-- Information follows --
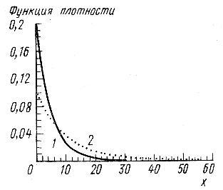 Рис. 3. Функція щільності f(x) експоненційного розподілу:
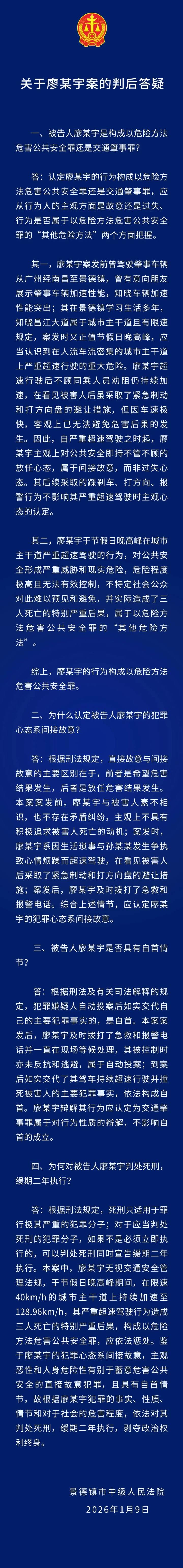 1月9日上午,江西省景德镇市中级人民法院对廖某宇以危险方法危害公共安全案进行宣判。
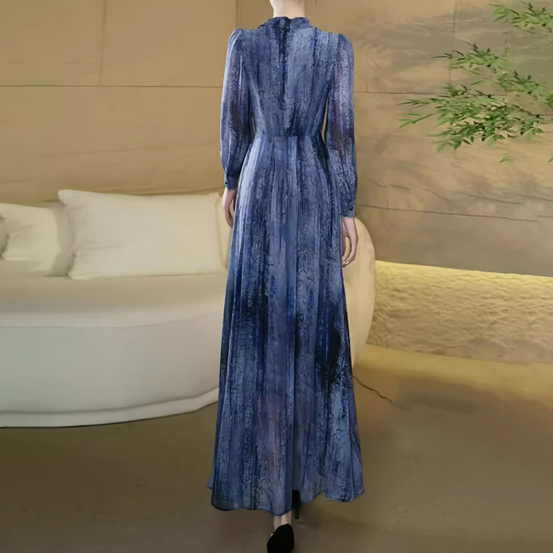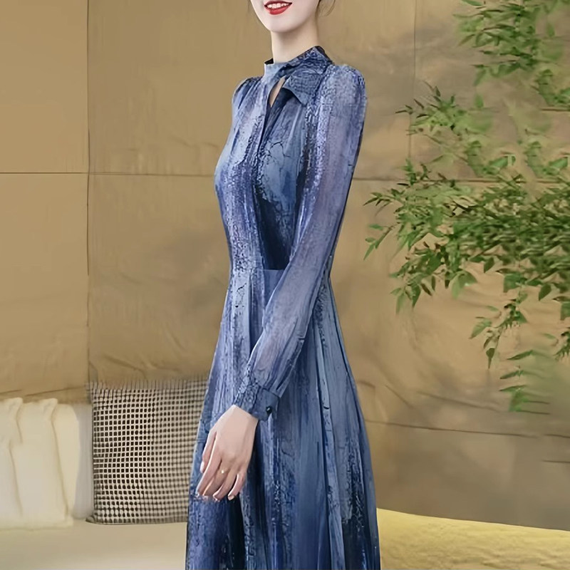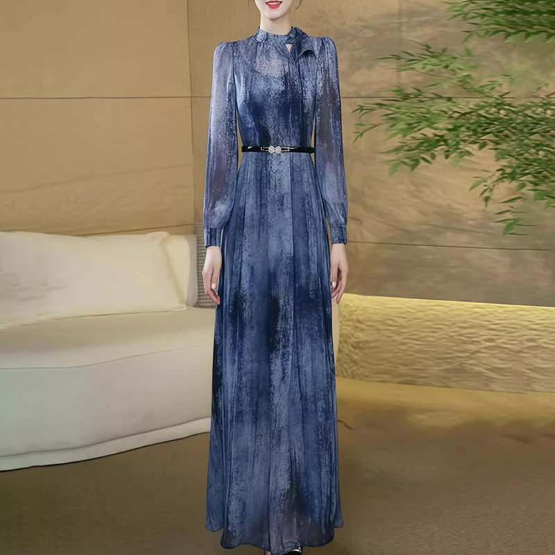 秋装新款名媛气质高级感真丝桑蚕丝连衣裙水墨印花修身大摆长裙子
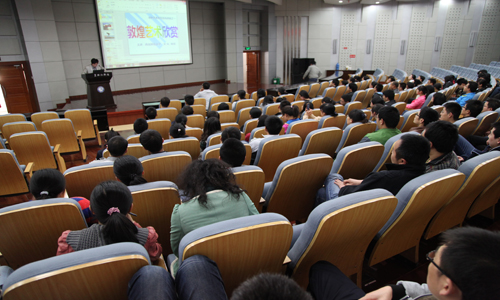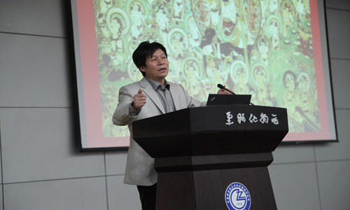 敦煌莫高窟被誉为20世纪最有价值的文化发现,以精美的壁画和塑像闻名于世,被称为民族艺术的瑰宝,世界艺术的珍品。文化教授向大家比较完整地介绍了敦煌文化艺术产生的历史文化背景、敦煌藏经洞的发现和敦煌学问世的过程以及敦煌壁画的主要内容与艺术风格。文化教授首先从敦煌的名称与建置谈起,他对“敦薨说”和“吐火罗说”两种不同敦煌名称来源的讲解引起了大家的兴趣。他还向大家阐述了甘肃厚重的文化底蕴、古丝绸之路上独特的地理位置对形成敦煌艺术的不同作用。讲座对20世纪上半叶敦煌藏经洞发现后被掠夺摧残及抢救保护的历史做了简要介绍,这座文化艺术宝库曾经遭受的苦难让在座的每一位青年无不叹息心痛。文化教授重点结合壁画中的精品,对敦煌壁画的艺术风格进行了详细深入的介绍。耳中聆听着感人至深的壁画故事,眼前欣赏着造型多样、线条凝练、色彩瑰丽的幅幅壁画,让大家恍如置身于“天衣飞扬,满壁风动”的敦煌石窟之中。
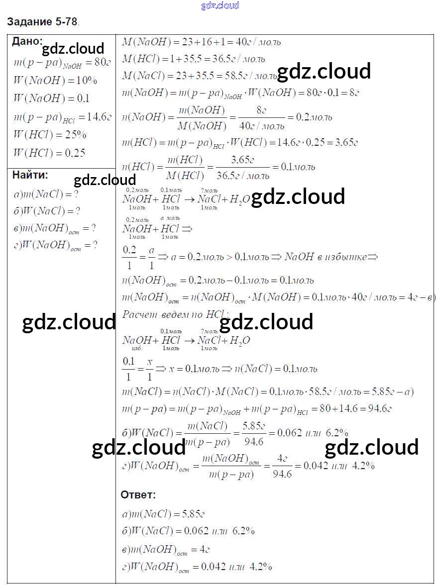Ответ на задание 78 Задачник Химия за 8 (восьмой) класс Кузнецова, Левкин Алгоритм успеха 2015 ФГОС онлайн и без номера телефона.
-- Information concluded --
Exercise:
Without including a single picture, restate all of the data word for word.

Exercise response:
 Рис. 3. Функція щільності f(x) експоненційного розподілу:
 1月9日上午,江西省景德镇市中级人民法院对廖某宇以危险方法危害公共安全案进行宣判。
 秋装新款名媛气质高级感真丝桑蚕丝连衣裙水墨印花修身大摆长裙子
 敦煌莫高窟被誉为20世纪最有价值的文化发现,以精美的壁画和塑像闻名于世,被称为民族艺术的瑰宝,世界艺术的珍品。文化教授向大家比较完整地介绍了敦煌文化艺术产生的历史文化背景、敦煌藏经洞的发现和敦煌学问世的过程以及敦煌壁画的主要内容与艺术风格。文化教授首先从敦煌的名称与建置谈起,他对“敦薨说”和“吐火罗说”两种不同敦煌名称来源的讲解引起了大家的兴趣。他还向大家阐述了甘肃厚重的文化底蕴、古丝绸之路上独特的地理位置对形成敦煌艺术的不同作用。讲座对20世纪上半叶敦煌藏经洞发现后被掠夺摧残及抢救保护的历史做了简要介绍,这座文化艺术宝库曾经遭受的苦难让在座的每一位青年无不叹息心痛。文化教授重点结合壁画中的精品,对敦煌壁画的艺术风格进行了详细深入的介绍。耳中聆听着感人至深的壁画故事,眼前欣赏着造型多样、线条凝练、色彩瑰丽的幅幅壁画,让大家恍如置身于“天衣飞扬,满壁风动”的敦煌石窟之中。
Ответ на задание 78 Задачник Химия за 8 (восьмой) класс Кузнецова, Левкин Алгоритм успеха 2015 ФГОС онлайн и без номера телефона.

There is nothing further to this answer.